44. Jusqu’à présent, la pandémie a frappé de façon largement indifférenciée
et les restrictions ont été générales, ce qui donne l’impression
que «tout le monde est dans le même bateau» – malgré le fait qu’en raison
des inégalités sociales préexistantes, tout le monde n’a pas connu
la même souffrance. Même la vaccination ciblée n’a pas fondamentalement
remis en cause ce pacte social, puisque l’on considère en général
qu’il est justifié que les personnes les plus à risque soient vaccinées
en premier – d’autant plus qu’elles sont aussi celles qui ont été
obligées de prendre les précautions les plus importantes et les
plus contraignantes.
45. Le Comité de bioéthique du Conseil de l’Europe (DH-BIO) explique
l’importance de la solidarité pour les politiques de santé publique
visant à lutter contre la covid-19 de la façon suivante: «La vaccination
peut être une illustration du lien indissociable entre droits de
l’Homme – dans ce cas le droit à la protection de la santé – responsabilité
– à savoir celle de protéger ceux qui ne peuvent bénéficier d’une
vaccination – et solidarité – en tant qu’intervention réalisée pour
un bénéfice de santé publique.
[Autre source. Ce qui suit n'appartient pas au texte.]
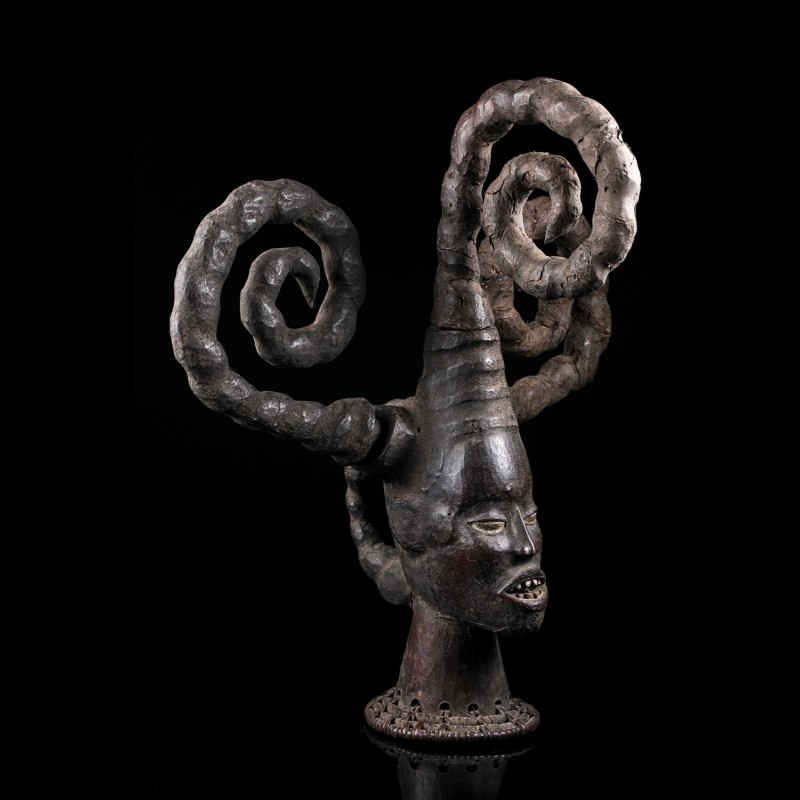 Ce masque cimier africain traditionnel du Cameroun représente ici un personnage janiforme porte une coiffure monumentale composée de trois grands appendices enroulés d'une ampleur inattendue dans la statuaire africaine, et qui témoignent d'une réelle prouesse technique dans la perfection et la symétrie des enroulements. Des récits ethnographiques rapportent que cette coiffure était portée par les jeunes filles pendant l'initiation et la période de réclusion précédant le mariage.
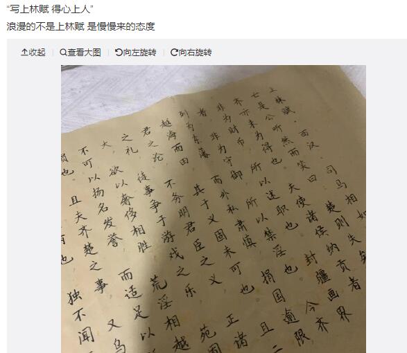“写上林赋,得心上人”的意思是只要坚持抄写完《上林赋》就可以得到心爱的人,其实《上林赋》全篇讲的是狩猎等场面,与爱情无关,但却被网友附上“真爱”的寓意,因为《上林赋》的篇幅很长,且生僻字极多,写完需要花费很多的心思,当你喜欢一个人,又不确定是不是真的喜欢的时候,便可静下来心来,为“他”抄写一遍《上林赋》,如果能坚持抄完,就说明那个人是你的真爱。
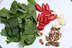 嫩菠菜,用开水烫一下去掉草酸,切小段,圣女果切开,鲜奶酪掰成小块,熟核桃仁掰开小块。
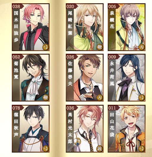 うちの文豪さんたちは今の所こんな感じです。弓の人が多い。

L’utilisation de «pass» à des fins
non-médicales serait susceptible de porter atteinte à ce lien fondamental
entre droits de l’Homme, responsabilité et solidarité, si essentiel
dans la gestion des risques sanitaires auxquels toutes nos sociétés
sont confrontées. La santé publique et l’approche collective de
la compréhension et de la gestion des risques sanitaires pourraient
être supplantée par une approche individualisée du risque susceptible
d’accroître les inégalités déjà exacerbées par la pandémie»
.
46. Une fois que les restrictions sont levées sur la base d’un
certain statut individuel qui n’est pas également accessible à tous,
alors la solidarité commence à céder la place à l’individualisme.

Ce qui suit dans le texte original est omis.